■ **Exercise instructions**
Using the records below, reproduce exactly the lines from the one containing "L'onglet Annoter contient" through the end, and nothing more; skip the images.

Data items:
•••••
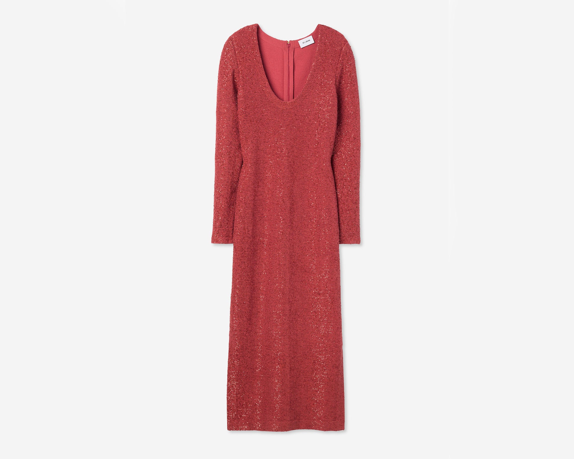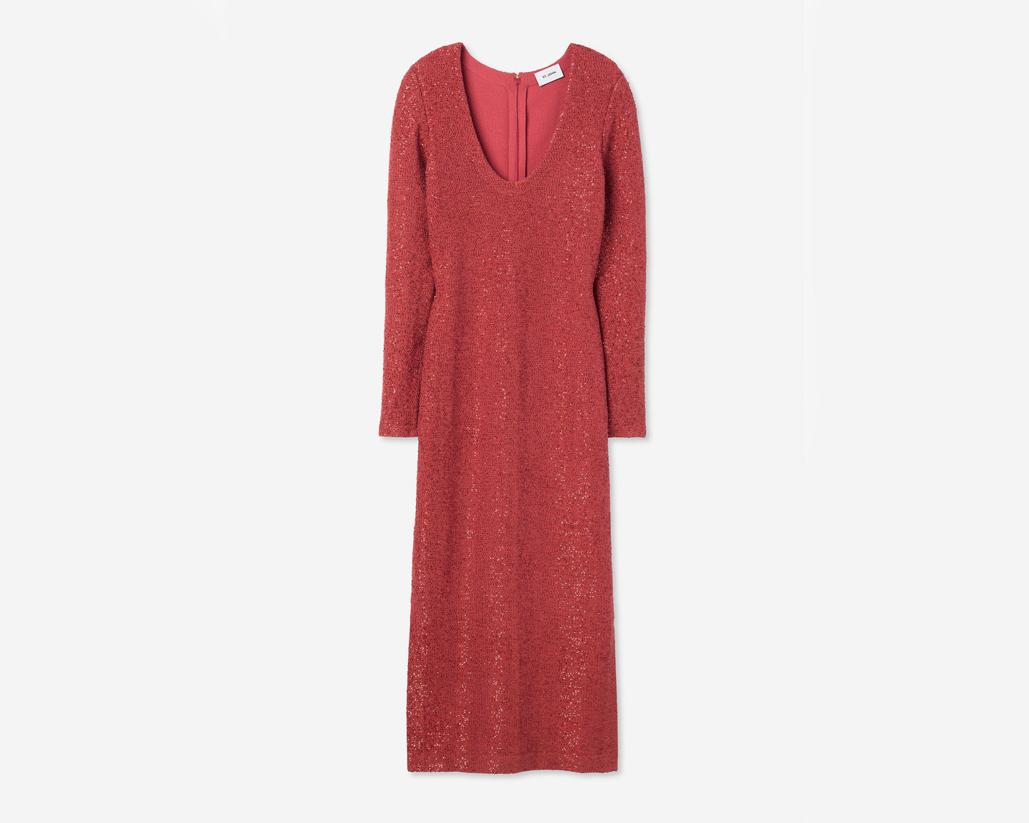 A perfect midi length elongates the figure in this stretch sequin knit long sleeve V-neck dress with dual side slits.
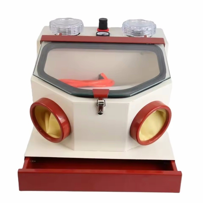 معدات أسنان قوية، جهاز تنظيف رملي لمختبر الأسنان، ضوء LED، نافذة كبيرة، قلم مزدوج، جهاز تنظيف رملي للأسنان مع درج
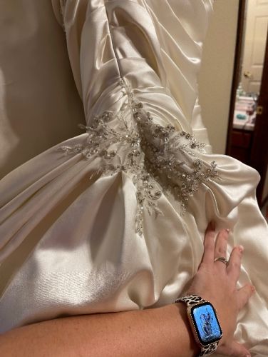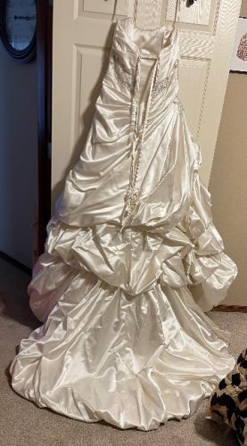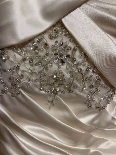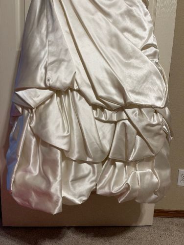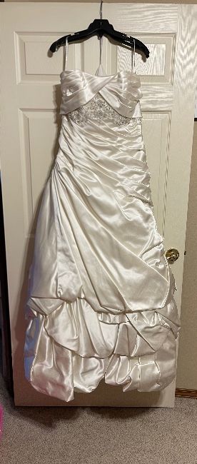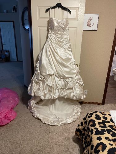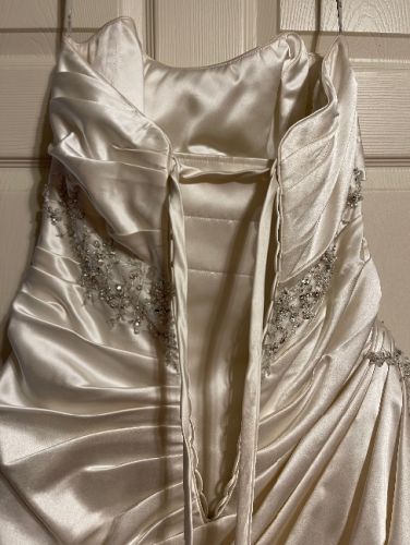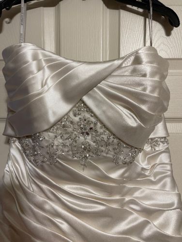 I bought this dress in 2013 for my wedding. I literally only wore it for the wedding (20 minutes). It has beautiful beading on the front and back top of the dress with an A Symmetrical waist line, also with beautiful beading.
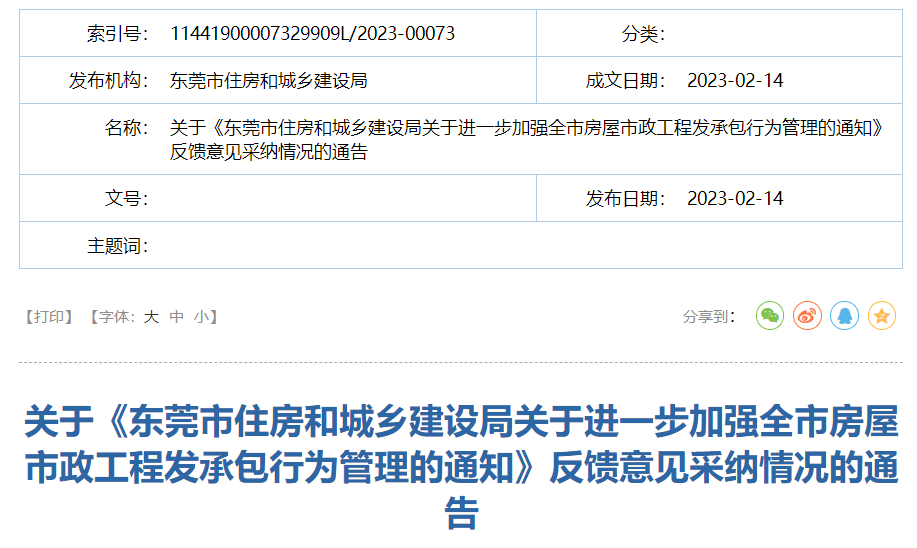 關(guān)于《東莞市住房和城鄉(xiāng)建設(shè)局關(guān)于進(jìn)一步加強(qiáng)全市房屋市政工程發(fā)承包行為管理的通知》反饋意見采納情況的通...
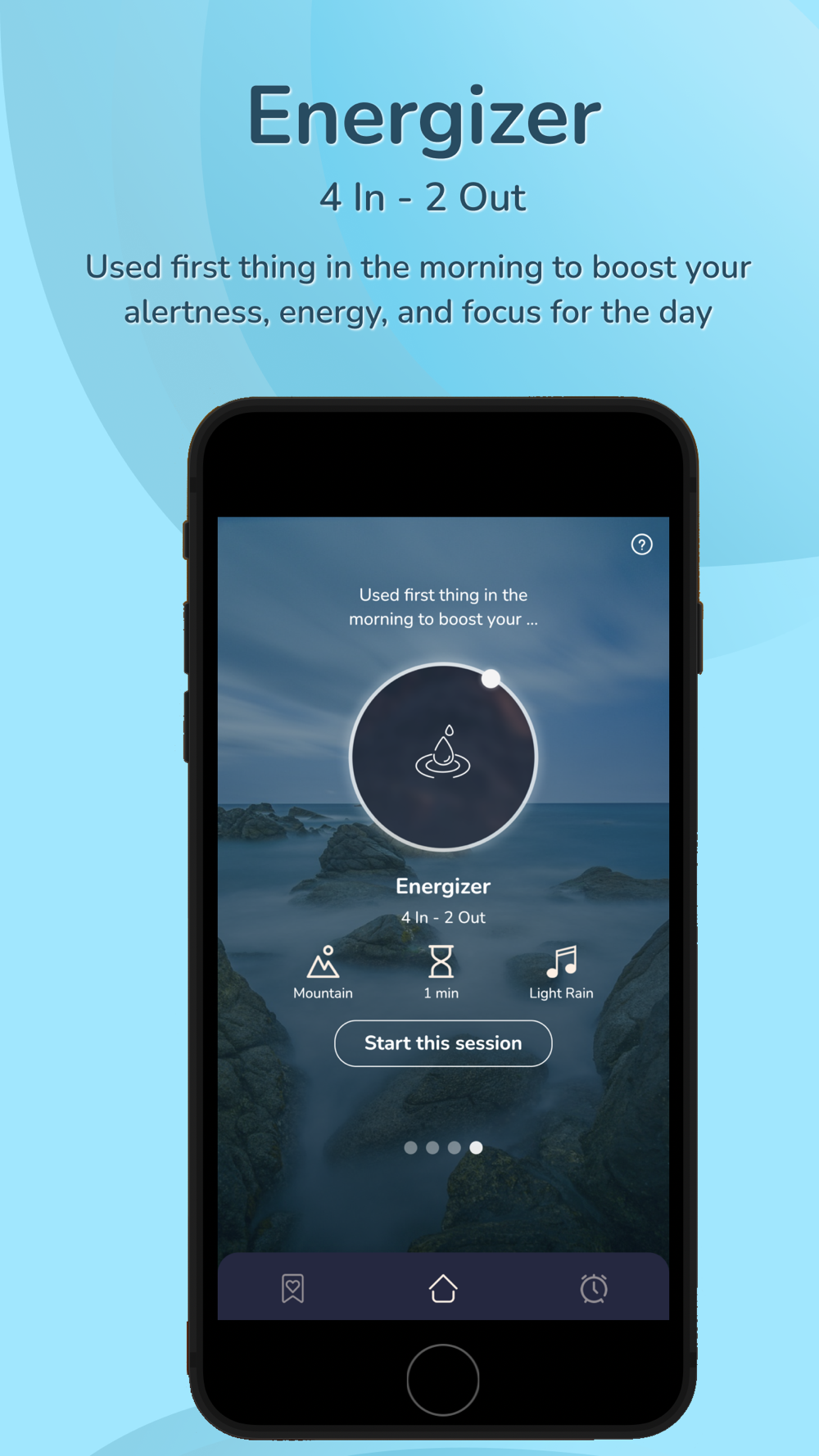 - Energizer (Energy): Inhale 4s, exhale 2s
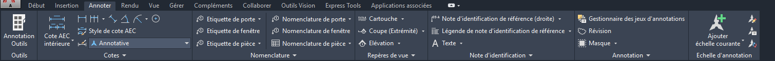 L'onglet Annoter contient des commandes permettant de marquer les fichiers de dessin.
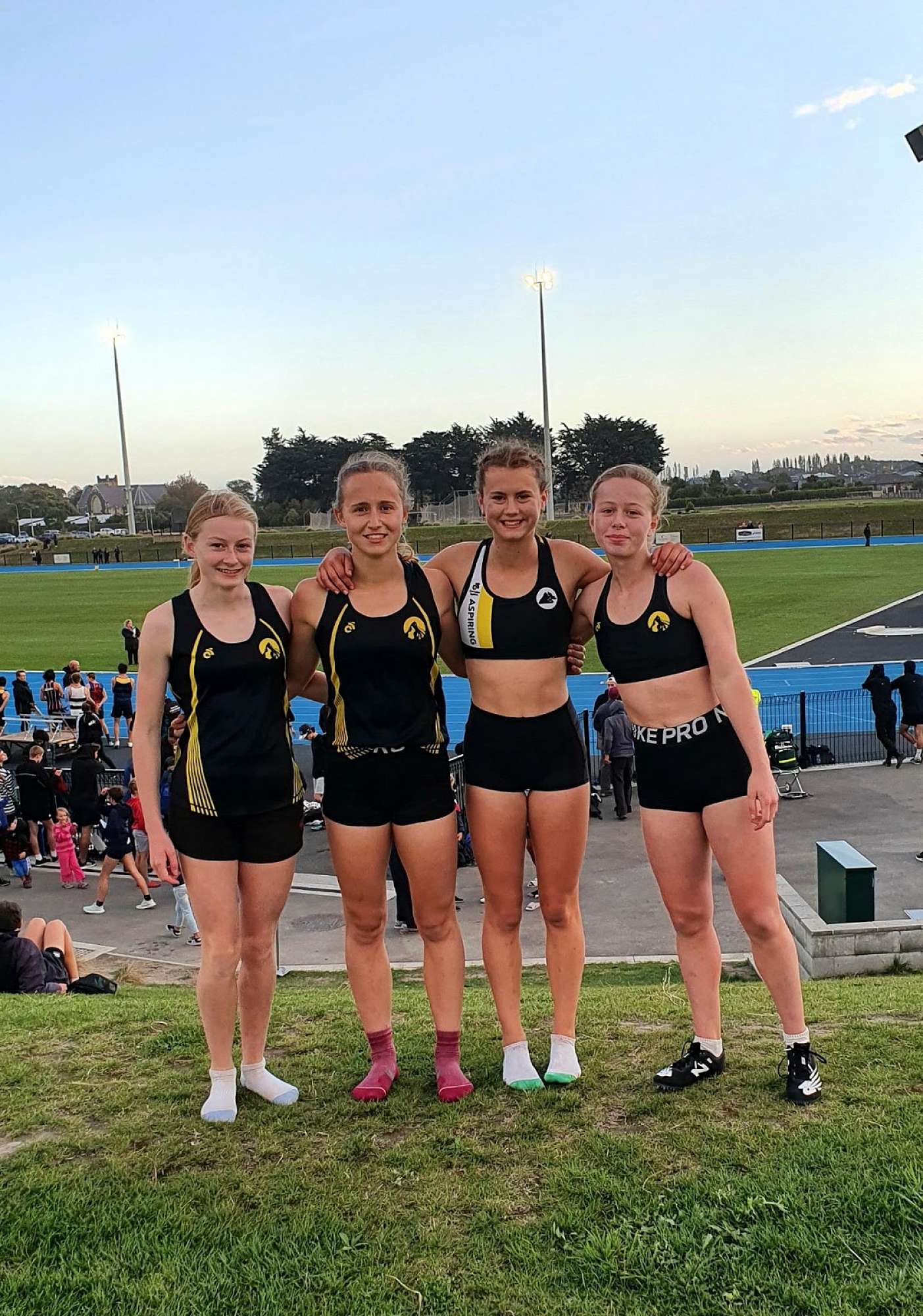 U16 4 x 400m Relay: Niamh Townsend, Chantel Thurston, Estelle Gellatly, Millie East
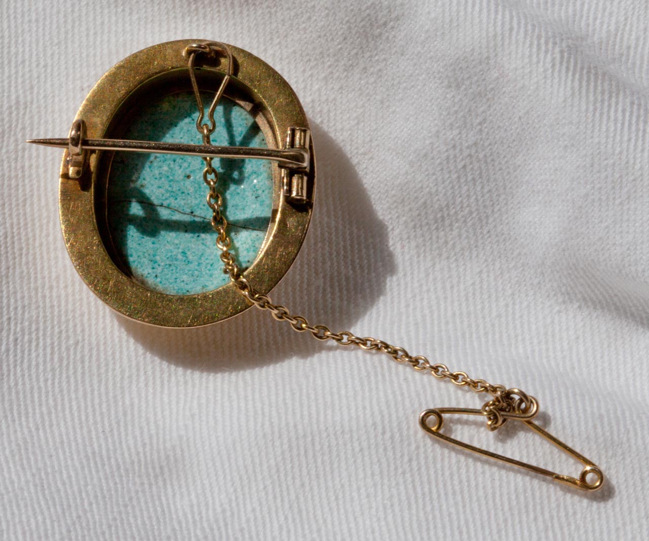 This lovely cameo brooch is not hallmarked but has been tested to 14-15ct
•••••
■ **Written reply**
 L'onglet Annoter contient des commandes permettant de marquer les fichiers de dessin.
 U16 4 x 400m Relay: Niamh Townsend, Chantel Thurston, Estelle Gellatly, Millie East
 This lovely cameo brooch is not hallmarked but has been tested to 14-15ct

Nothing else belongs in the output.